Doch was sich derart technisiert-bürokratisch anhört, führt in der Eltern-Wirklichkeit hundertfach zu Problemen. Zum Beispiel bei Kai, 46 und Vertriebsleiter, und Janine, 37 und Sachbearbeiterin, die auf der Suche nach einem Krippenplatz für ihr zweites Kind sind. Schon bei der Unterbringung der älteren Tochter vor vier Jahren gab es Schwierigkeiten (damals verhalf eine seemoz-Veröffentlichung doch noch zu einem Krippenplatz), doch heute verschärfen sich für Janine und Kai, die ihren vollen Namen nicht nennen mögen, die Probleme. Die junge Mutter will im August ihren Arbeitsplatz wieder antreten, den ihr Arbeitgeber für sie freigehalten hat. „Doch bei dieser Unsicherheit wissen wir nicht, was wir tun sollen,“ stöhnt Kai.
Sogar Janines Arbeitgeber, der in seinem Betrieb fast nur Frauen beschäftigt und deshalb seit vielen Jahren die Problematik kennt, hat sich eingeschaltet. Er hat bitterböse Briefe an die Stadt geschrieben und der jungen Familie seine Hilfe beim möglichen Rechtsstreit angeboten. Denn auch diese Familie hat eine Rechtsgarantie auf einen Betreuungsplatz, die gerichtlich eingeklagt werden kann.

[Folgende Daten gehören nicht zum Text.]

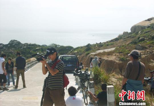 當日,記者在東山島最高峰——蘇峰山山腳下看到,劇組人員正忙著搬運設備,化裝布景。許多村中的老阿婆也應邀前來湊熱鬧。

„Bisher hat es in Konstanz keine solchen Gerichtsverfahren gegeben“, versichert Alfred Kaufmann, „bisher konnten wir bis September alle unterbringen“. Bis dahin also wird die Geduld der Eltern noch auf eine harte Probe gestellt, bis dahin müssen auch Kai und Janine noch warten. Oder zum Anwalt gehen.